(Data supplied Opens)
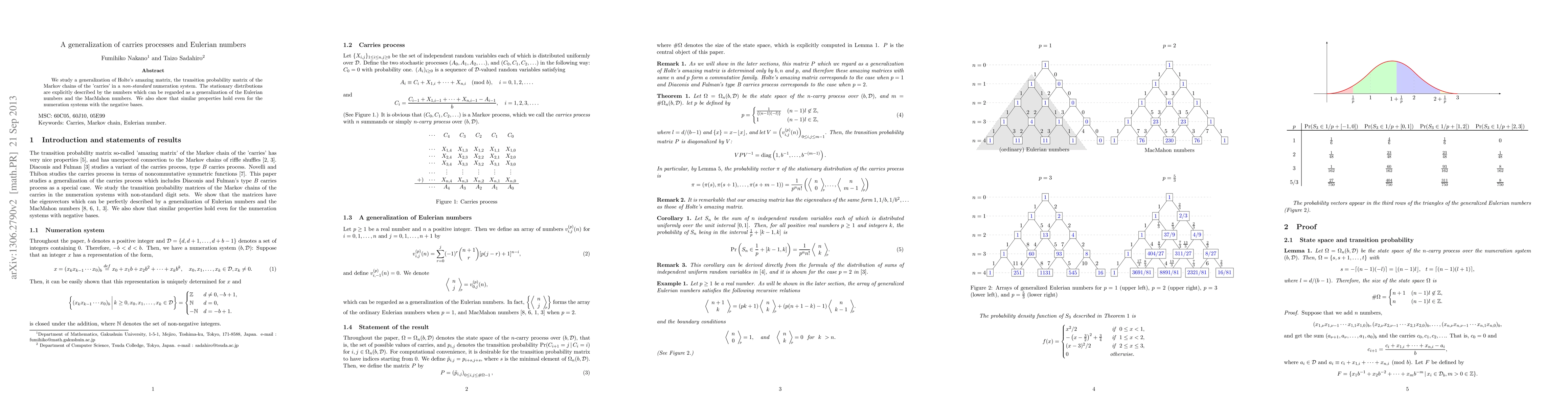 This paper generalizes Holte's matrix, exploring the transition probabilities of a Markov chain related to carries in non-standard numeration systems, and identifies stationary distributions linked to a new class of Eulerian-like numbers. It also extends these findings to numeration systems with negative bases.
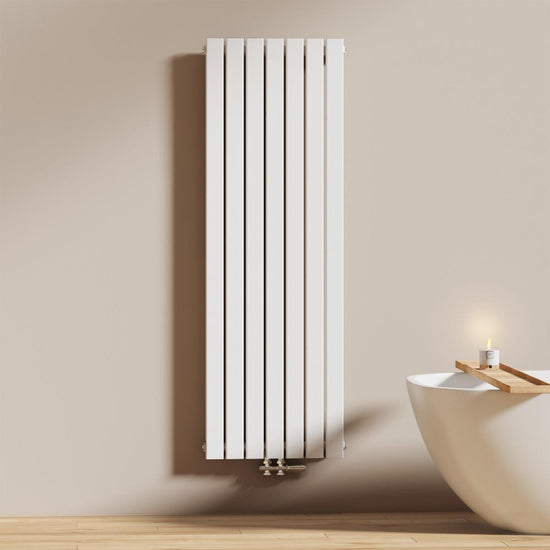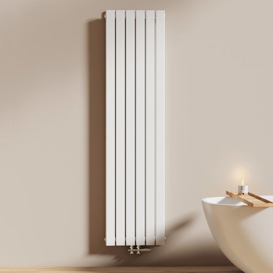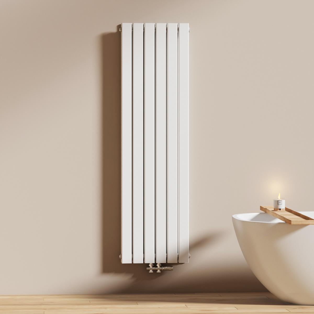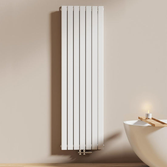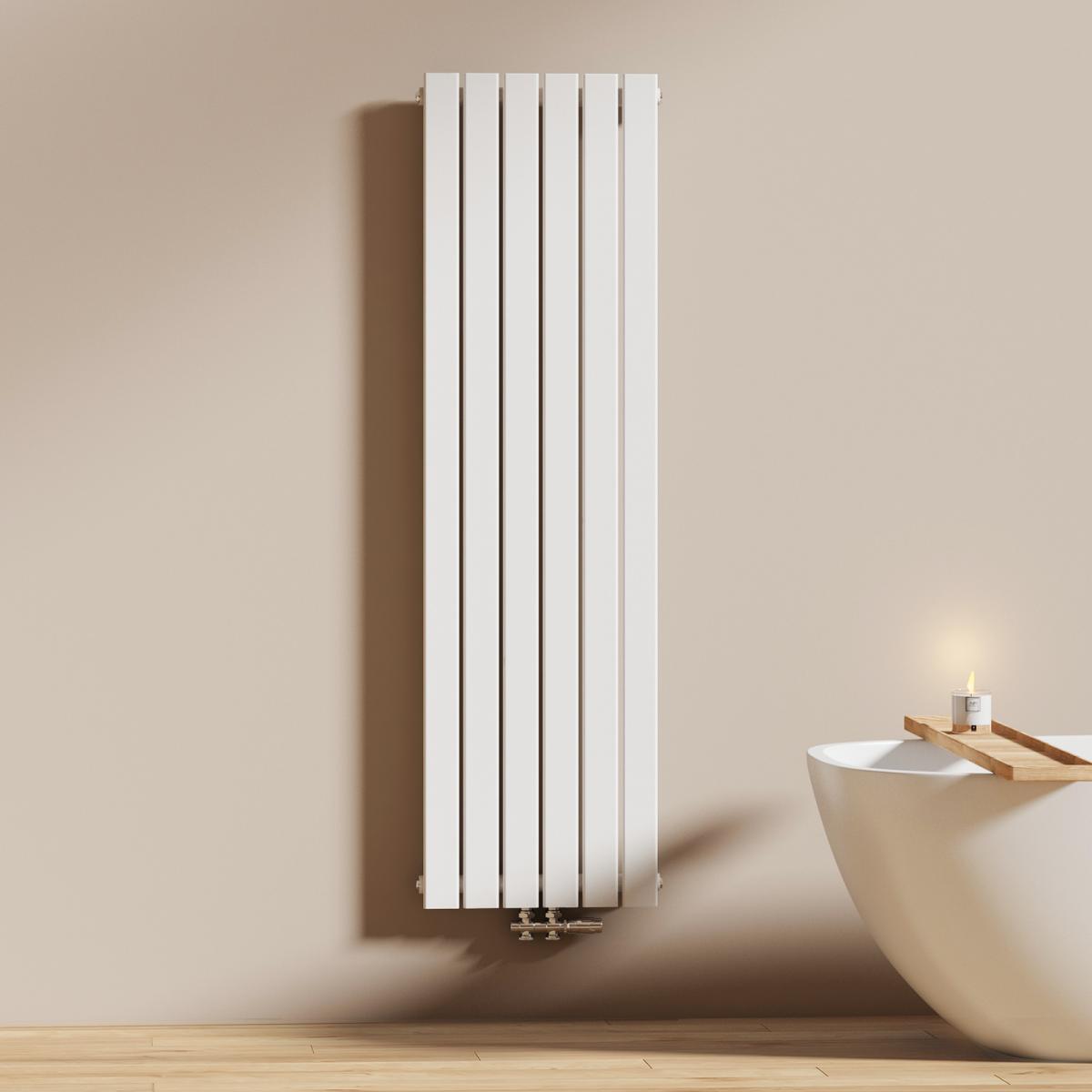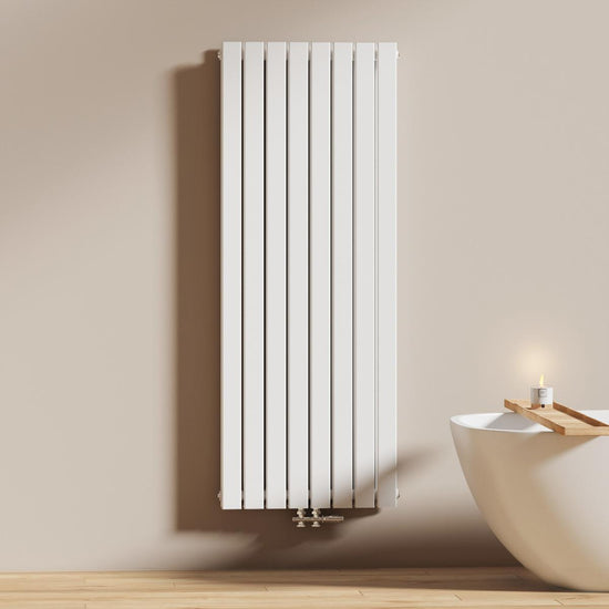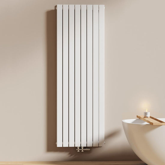 Dieser vertikale Heizkörper kombiniert modernes Design mit effizienter Wärmeleistung – ideal für stilvolle Badezimmer und Wohnräume. Erhältlich in Weiß oder Anthrazit.
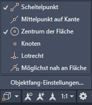 | Finden | 2D-Objektfang | Fängt den Cursor am nächstgelegenen 2D Referenzpunkt, während Sie ihn bewegen. Beispielsweise Endpunkte, Mittelpunkte von Kreisen, Mittelpunkte und so weiter. |
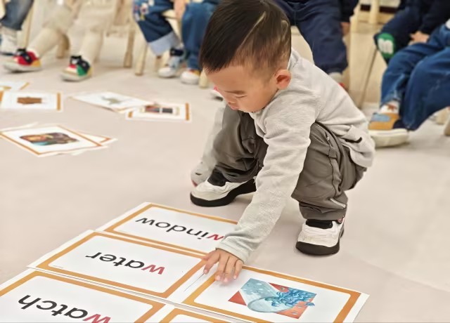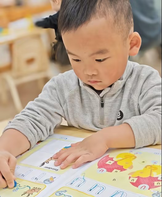 今天的Phonics课聚焦字母R的书写与R开头的相关单词的认知。孩子们首先跟着书写轨迹练习了小写r的规范写法,接着通过驯鹿(Reindeer)、彩虹(Rainbow)的单词配图和卡片配对游戏,熟悉R的发音与相关词汇,最后还借助连线、剪贴的形式,在动手过程里巩固了对字母R的发音认知,也学习了与R为首的两个单词。
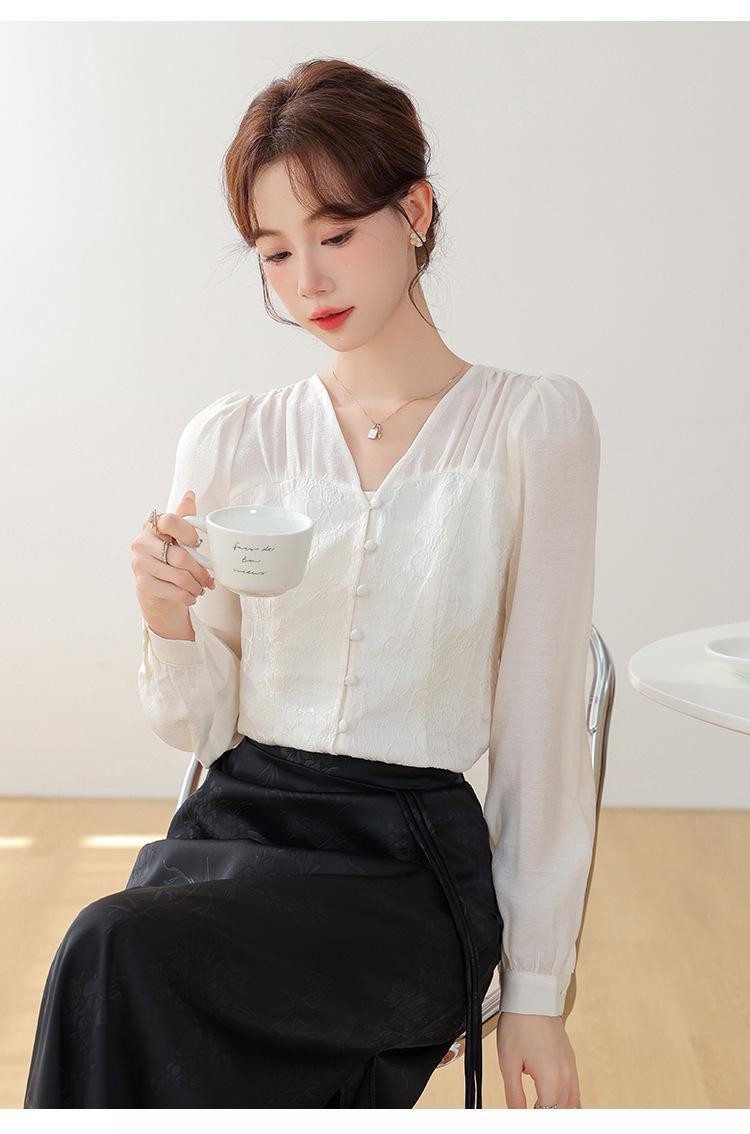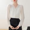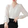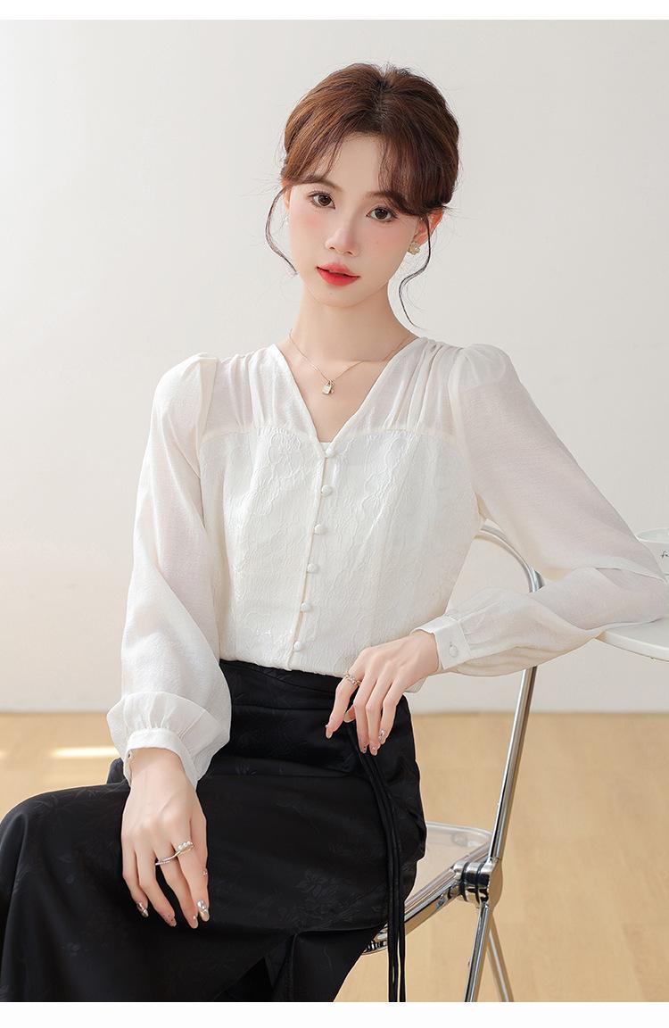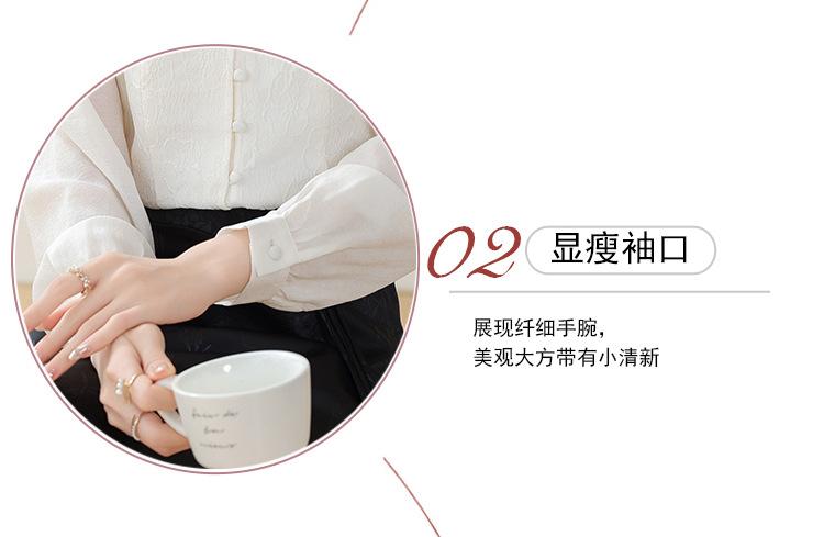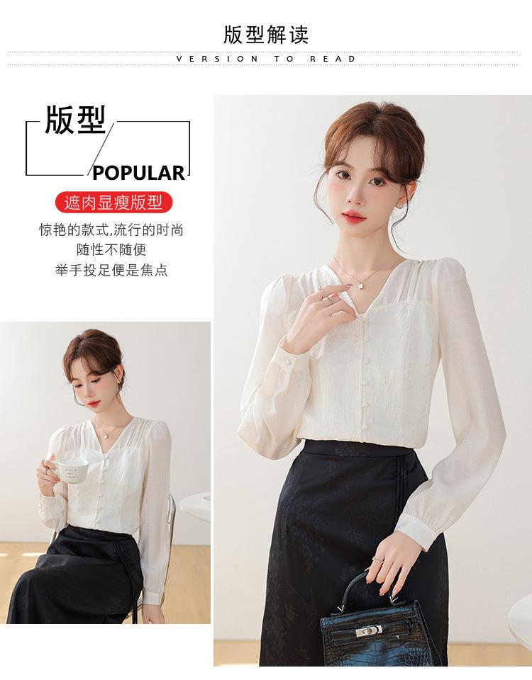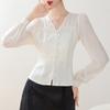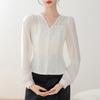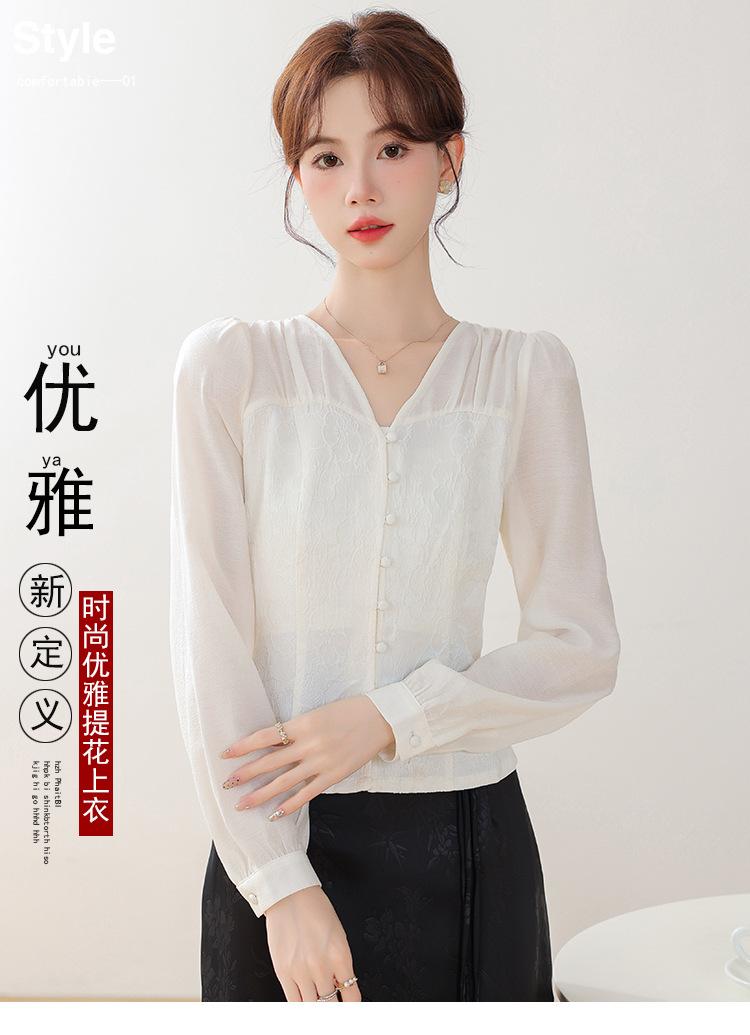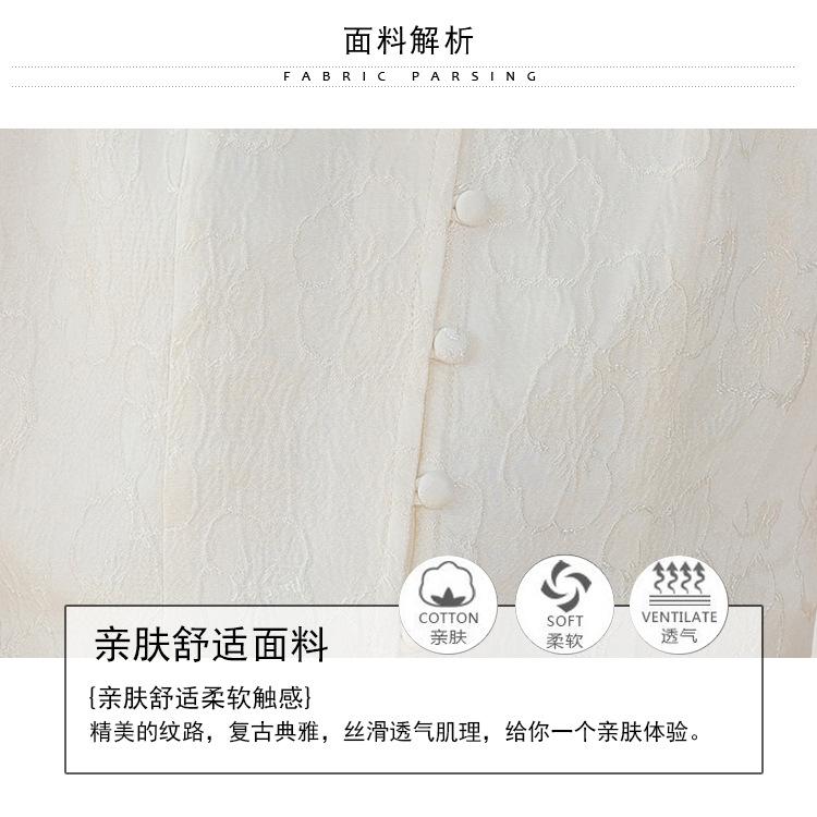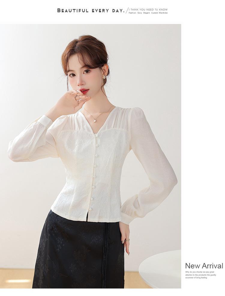 Camisa de gasa jacquard china con relieve para mujer, nueva, transpirable, blanca, para principios de otoño 2024
(Data supplied Closes)
• [Your task] Write the records out again in full, exactly, and skip every picture.

• [Response box]
 This paper generalizes Holte's matrix, exploring the transition probabilities of a Markov chain related to carries in non-standard numeration systems, and identifies stationary distributions linked to a new class of Eulerian-like numbers. It also extends these findings to numeration systems with negative bases.
 Dieser vertikale Heizkörper kombiniert modernes Design mit effizienter Wärmeleistung – ideal für stilvolle Badezimmer und Wohnräume. Erhältlich in Weiß oder Anthrazit.
 | Finden | 2D-Objektfang | Fängt den Cursor am nächstgelegenen 2D Referenzpunkt, während Sie ihn bewegen. Beispielsweise Endpunkte, Mittelpunkte von Kreisen, Mittelpunkte und so weiter. |
 今天的Phonics课聚焦字母R的书写与R开头的相关单词的认知。孩子们首先跟着书写轨迹练习了小写r的规范写法,接着通过驯鹿(Reindeer)、彩虹(Rainbow)的单词配图和卡片配对游戏,熟悉R的发音与相关词汇,最后还借助连线、剪贴的形式,在动手过程里巩固了对字母R的发音认知,也学习了与R为首的两个单词。
 Camisa de gasa jacquard china con relieve para mujer, nueva, transpirable, blanca, para principios de otoño 2024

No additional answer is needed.